◆ **Brief**: From the data below, please reproduce exactly everything from the line that contains "加工方法:インクに熱をかけて" down to the line that contains "KARNEBEEK, Antonius Gerardus, geboren", with both ends included.

◆ **Supplied records**:
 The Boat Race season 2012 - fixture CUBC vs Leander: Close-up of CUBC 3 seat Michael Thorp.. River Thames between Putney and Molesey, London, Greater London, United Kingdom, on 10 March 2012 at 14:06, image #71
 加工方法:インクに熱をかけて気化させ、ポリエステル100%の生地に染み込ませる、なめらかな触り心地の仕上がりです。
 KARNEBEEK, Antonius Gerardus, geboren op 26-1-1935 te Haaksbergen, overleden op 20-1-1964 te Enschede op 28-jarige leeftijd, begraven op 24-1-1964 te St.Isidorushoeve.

==

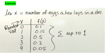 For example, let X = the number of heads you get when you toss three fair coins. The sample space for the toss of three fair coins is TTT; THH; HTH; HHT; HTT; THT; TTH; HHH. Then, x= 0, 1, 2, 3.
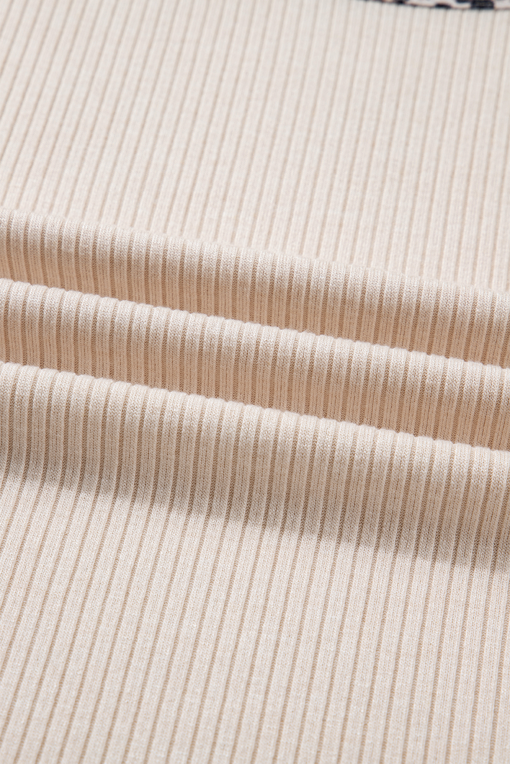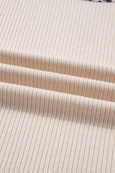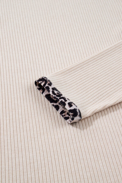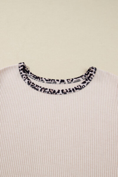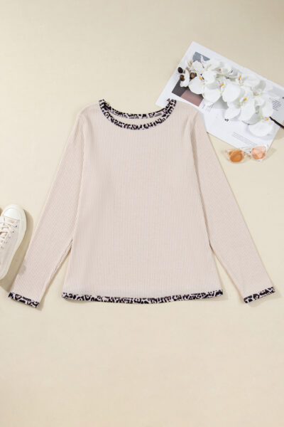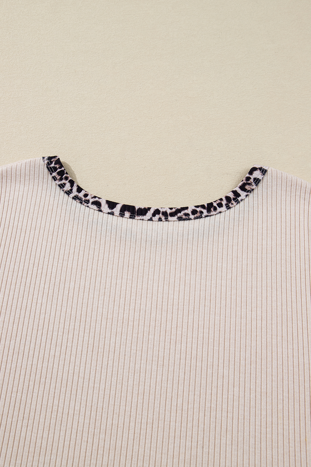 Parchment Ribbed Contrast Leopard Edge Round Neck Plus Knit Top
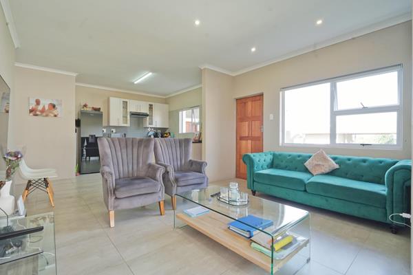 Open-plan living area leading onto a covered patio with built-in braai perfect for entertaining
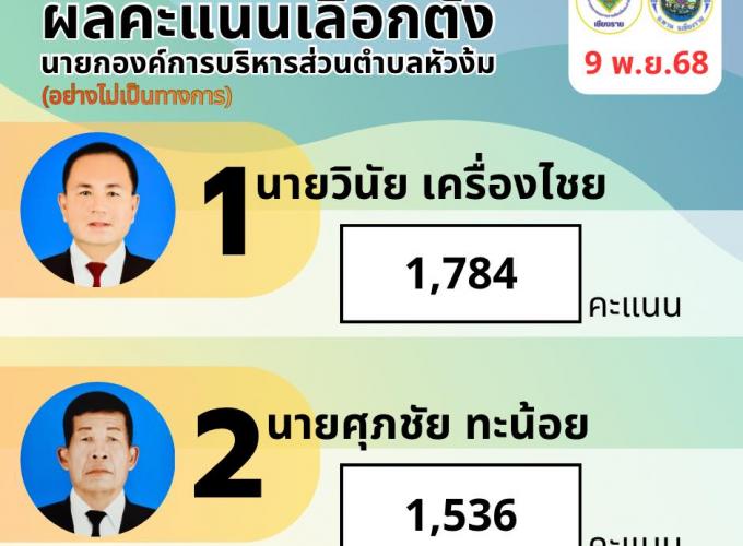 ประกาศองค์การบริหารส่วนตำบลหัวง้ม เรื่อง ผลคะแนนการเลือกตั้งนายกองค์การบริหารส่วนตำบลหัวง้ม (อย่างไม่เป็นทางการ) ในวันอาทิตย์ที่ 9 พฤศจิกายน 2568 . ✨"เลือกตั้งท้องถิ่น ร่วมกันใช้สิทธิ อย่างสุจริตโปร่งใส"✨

◆ **Exercise answer**:
 加工方法:インクに熱をかけて気化させ、ポリエステル100%の生地に染み込ませる、なめらかな触り心地の仕上がりです。
 KARNEBEEK, Antonius Gerardus, geboren op 26-1-1935 te Haaksbergen, overleden op 20-1-1964 te Enschede op 28-jarige leeftijd, begraven op 24-1-1964 te St.Isidorushoeve.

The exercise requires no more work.